In the small city of Reims, in the region of Champagne-Ardenne, Sciences Po offers a highly international environment. It is possible to make worldwide friends for life: from Thailand to the United States, from Ghana to Sweden, from India to Ecuador… Ironically enough, exchange students become friends with people from everywhere in the world except for France! Most imagined they would experience French culture and learn the language but end up learning about Thai culture instead! Many exchange students would love to make French friends but have a hard time doing so. Why? How do French people feel about exchange students? Are French end exchange students secretly eager to be friends and just shy, or is it unrequited love?
Exchange students often blame the system for not having the chance to meet the French full-time colleagues… what is the French excuse?
Full-time Sciences Po students often seem excited about the international environment that the University provides; some people even state that the possibility to meet people from all around the world was definitely one of the main reasons they applied in the first place! However, most French students have no exchange student friends, and even those who claim to have one or two actually don’t seem that close (most of them barely remembered the name or age of their international “friend”!). They blame Sciences Po for the lack of common space: “it is hard to meet them inside, as much as outside school!”. As if opposite winds were constantly preventing full time students and exchanges at Sciences Po from forming great international friendships!
Sciences Po’s student association organizes bar events and nights out for all students, full-time and exchanges are welcome.
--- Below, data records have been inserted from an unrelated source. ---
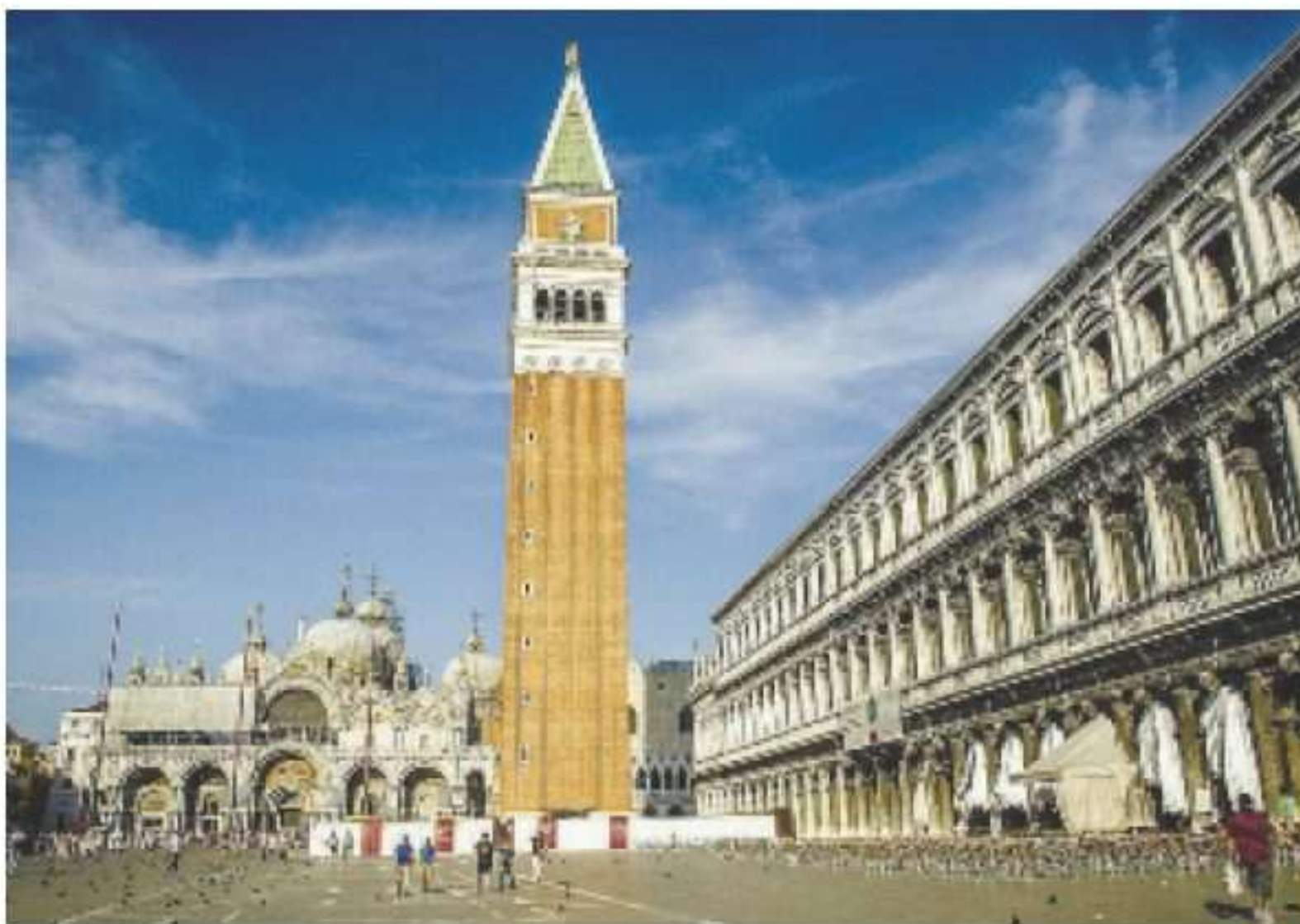
כיכר סן מרקו בוונציה. נפוליאון קרא לה "הסלון היפה של אירופה"

הגשר האחרון עד כה בוונציה הוא "גשר החוקה" שתיכנן האדריכל סנטיאגו קלטרורה ונחנך ב-2008. זהו הגשר הרביעי מעל התעלה הגדולה. הוא מחבר בין תחנת הרכבת סנטה לוצ'יה לבין מסוף התחבורה בפיאצלה רומא. יופיו טמון בשלד צלעות מרהיב וסמוי כמעט מעין הנושא את משקלו. בהבדל מגשר המיתרים הט"ו וסיי שתיכנן קלטרורה בירושלים, גשר החוקה מרכיז ראש בפני יופיה של ונציה. קלטרורה רואה בו בצדק את "הגשר הכי יפה שלי", אבל באיטליה הוא התקבל כמטח של טענות וגם זה בצדק. עם זאת אם יחזיק מעמד פגמיו ייכנסו כסיפורי עם מופלאים למדריכי התיירות של הדורות הבאים.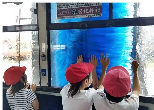
バス専用の洗車機を体験(すご〜い！と歓声！)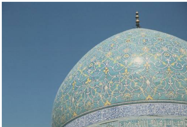
Kuppel der Imam-Moschee in Isfahan

Und neben all diesen (er)baulichen Dingen genießen wir bei Tee und Wasserpfeife die Ruhe und Muße in persischen Teehäusern, bummeln durch gewölbgedeckte, bunte Bazare und tau-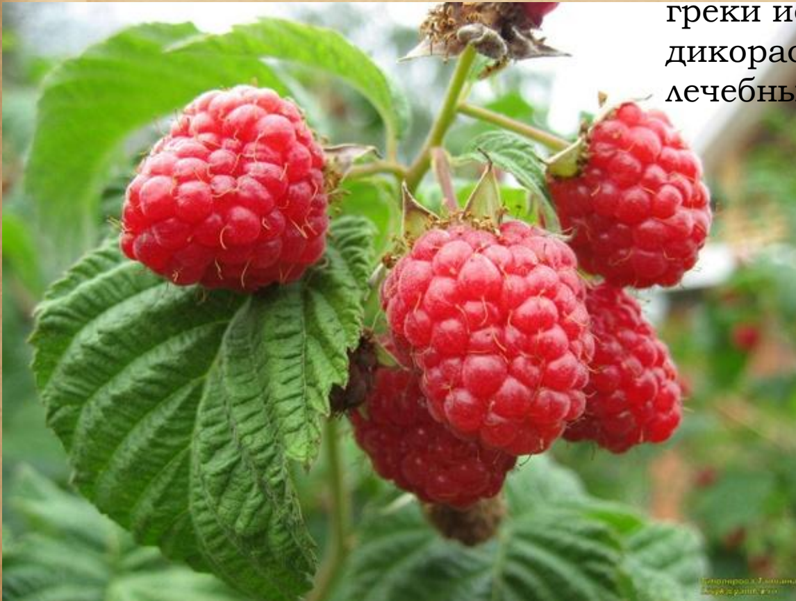
Иллюстрация: Малина А.А. Давыдов

Общеславянское слово; как растение малина известна с каменного века, ещё 2 тысячи лет назад римляне и греки использовали дикорастущую малину в лечебных целях.

However, on Campus there are hardly any opportunities to meet; French students can only take one seminar course during the first semester, and these are the only ones open to exchanges too! Matthew Baker who is in charge of the exchange in program on Campus, reassuringly claims, “it will be different in the second semester”, since full-time students will take three seminar courses.
Most French students seem interested in getting to know exchange students and experiencing “unique cultural differences”, others though are not willing to leave their comfort-zone and overcome the “appalling” language barrier. Some claim they don’t hang out with exchanges because they don’t want to struggle with English and point out the age difference, as exchanges are usually older (about two years older on average…hardly generations apart).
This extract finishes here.